While it may seem complicated, it's actually fairly intuitive how tread patterns affect how a tire rides. This is mostly about when and where you trade rolling resistance for traction.

Side lugs provide support and traction when your turns are laid over aggressively. Big blocks of consistently spaced knobs here will provide a lot of cornering grip but won’t affect straight-line efficiency too much. Siping, or small slits, on the side knobs can increase traction but reduce longevity. Tires with fewer side lugs are effectively trading cornering ability for decreased weight and rolling resistance.

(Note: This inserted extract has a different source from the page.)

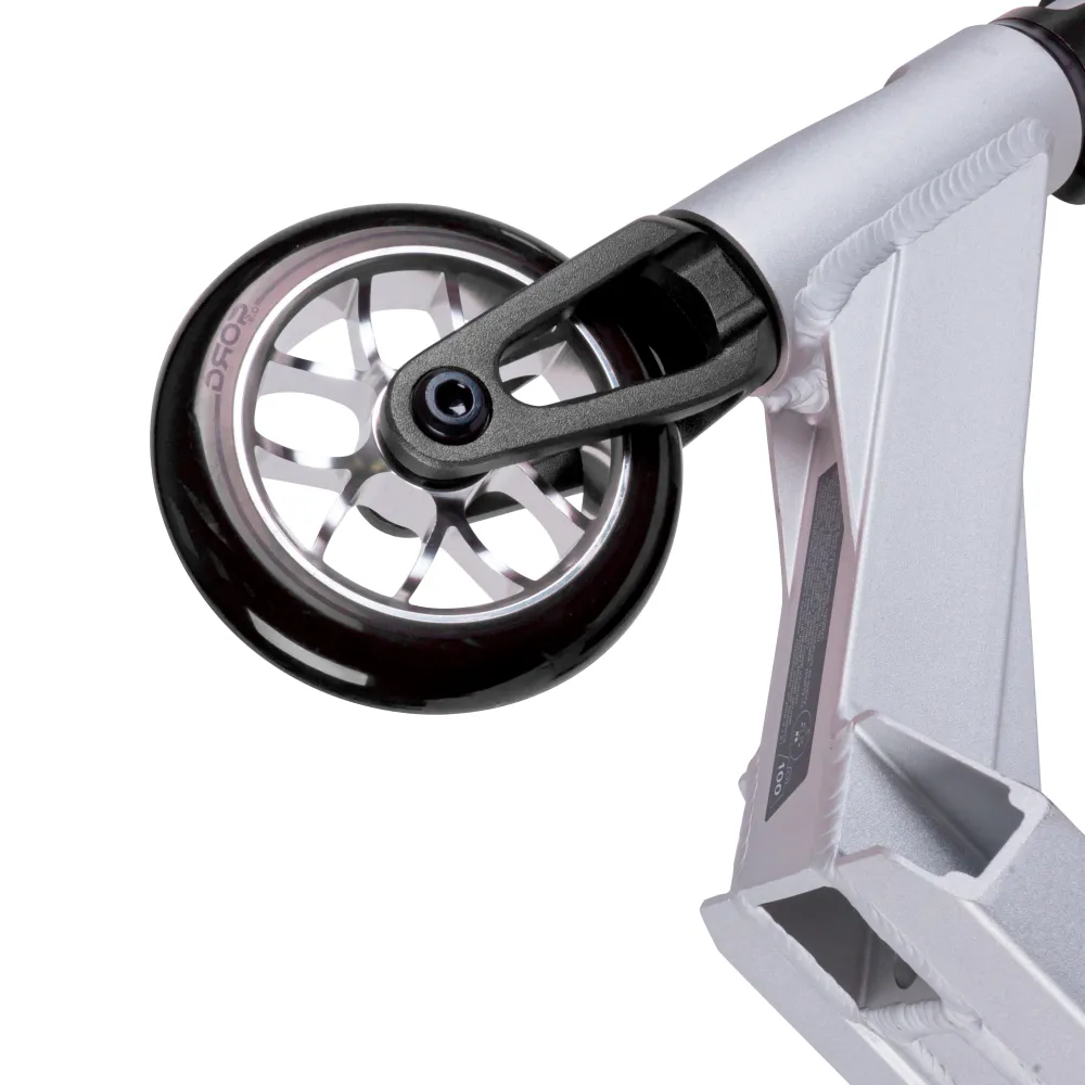 Дека самоката Tech Team Drop 2.0 выполнена из прочного алюминия, предоставляя надежную платформу для райдера. Легкая конструкция деки обеспечивает комфорт и маневренность во время катания, что особенно важно для выполнения трюков.

Center block patterns are pretty varied, but generally, there are variations in the size and spacing of those center blocks. Ramped knobs also trade some grip for increased rolling traction. These knobs affect how the bike rides when it’s going in a straight line or while braking. They’ll also wear the fastest since it’s where the tire spends the most time connected to the ground.

Additionally, the size of the center blocks allow the tire to bite through softer terrain like loamy or muddy trails. Smaller blocks are more efficient on hardpack terrain where you may only have a thin layer of sand or dust over hardpack to bite through.

As for in between shoulder knobs - there’s a good deal of variation here as well, but these knobs affect how the bike rides when cornering less aggressively where you’re steering or trimming into your turns. While having less blocks here can decrease rolling resistance, they can also create a “dead zone” where traction is questionable when transitioning to a hard lean.

Wide Tread Bike Tires

This is a design feature that some brands are offering now that there are some mega-wide rims floating around these days. It’s the same tread patterning and shapes but spaced out further to provide a rounder profile when running super wide rims. If you’re running a rim with an internal width wider than 30mm, it’s worth checking out wide-tread bike tires.